Dynamic attribute display: Tables should only display attributes that differ between products. This maintains clarity.
Fallback options: If no relevant products are found, another recommendation mechanism (e.g. ‘similar categories’) can take effect.
Here is an example of an intelligent comparison table with filter and dynamic options.
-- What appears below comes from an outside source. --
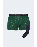 The Tommy Hilfiger TRUNK & SOCK SET UM0UM01996 is the ideal choice for those seeking both comfort and style in their underwear. This practical gift box includes coordinated trunk boxers and socks, both featuring an elegant graphic pattern and iconic brand details. Made from soft jersey fabric composed of 95% cotton and 5% elastane/lycra, they offer a stretchy, comfortable fit that adapts perfectly to your body. The trunk showcases the classic Tommy Hilfiger logo waistband, while the socks are designed to match for a refined, cohesive look. Perfect as a gift thanks to the festive packaging, this set is ideal for anyone who appreciates high-quality underwear from a trusted and trendy brand.

// Example products $products = [ ["name" => "product A", "price" => 99.99, "material" => "Leather", "category" => "Fashion", "warranty" => "2 years"], ["name" => "product B", "price" => 89.99, "material" => "Fabric", "category" => "Fashion", "warranty" => "1 years"], ["name" => "product C", "price" => 109.99, "material" => "Synthetic leather", "category" => "Fashion", "warranty" => "3 years"], ["name" => "product D", "price" => 499.99, "material" => "Metal", "category" => "Electronics", "warranty" => "2 years"], ];
// Filter: Only show products from the same category $currentCategory = "Fashion"; $filteredProducts = array_filter($products, fn($product) => $product['category'] === $currentCategory);
// Select dynamic attributes $attributes = ["price", "material", "warranty"]; $dynamicAttributes = array_keys(array_filter( array_reduce($filteredProducts, function ($carry, $product) use ($attributes) { foreach ($attributes as $attr) { $carry[$attr][$product[$attr]] = true; } return $carry; }, []), fn($values) => count($values) > 1 ));
// Generate table function generateDynamicComparisonTable(array $products, array $attributes): string { $table = "<table border='1' style='width:100%; text-align:left;'>"; $table .= "<tr><th>Produkt</th>"; foreach ($attributes as $attribute) { $table .= "<th>" . ucfirst($attribute) . "</th>"; } $table .= "</tr>";
foreach ($products as $product) { $table .= "<tr><td>{$product['name']}</td>"; foreach ($attributes as $attribute) { $table .= "<td>{$product[$attribute]}</td>"; } $table .= "</tr>"; } $table .= "</table>"; return $table; }
echo generateDynamicComparisonTable($filteredProducts, $dynamicAttributes);
Functionality:
Relevance filter: Only products with the same category are included in the table.
Dynamic attributes: Only attributes that differ between the products are displayed.
Fallback option: Products without a basis for comparison can alternatively be replaced by ‘better alternatives in the same category’.
Conclusion
With these two approaches, developers can:
Implement vector-based recommendations that are contextually and semantically more accurate than classic methods.
Create intelligent comparison tables that dynamically adjust relevant products and attributes to optimize the user experience.
These concepts are system-agnostic and offer inspiring approaches for modern product recommendations that can be easily integrated into existing systems.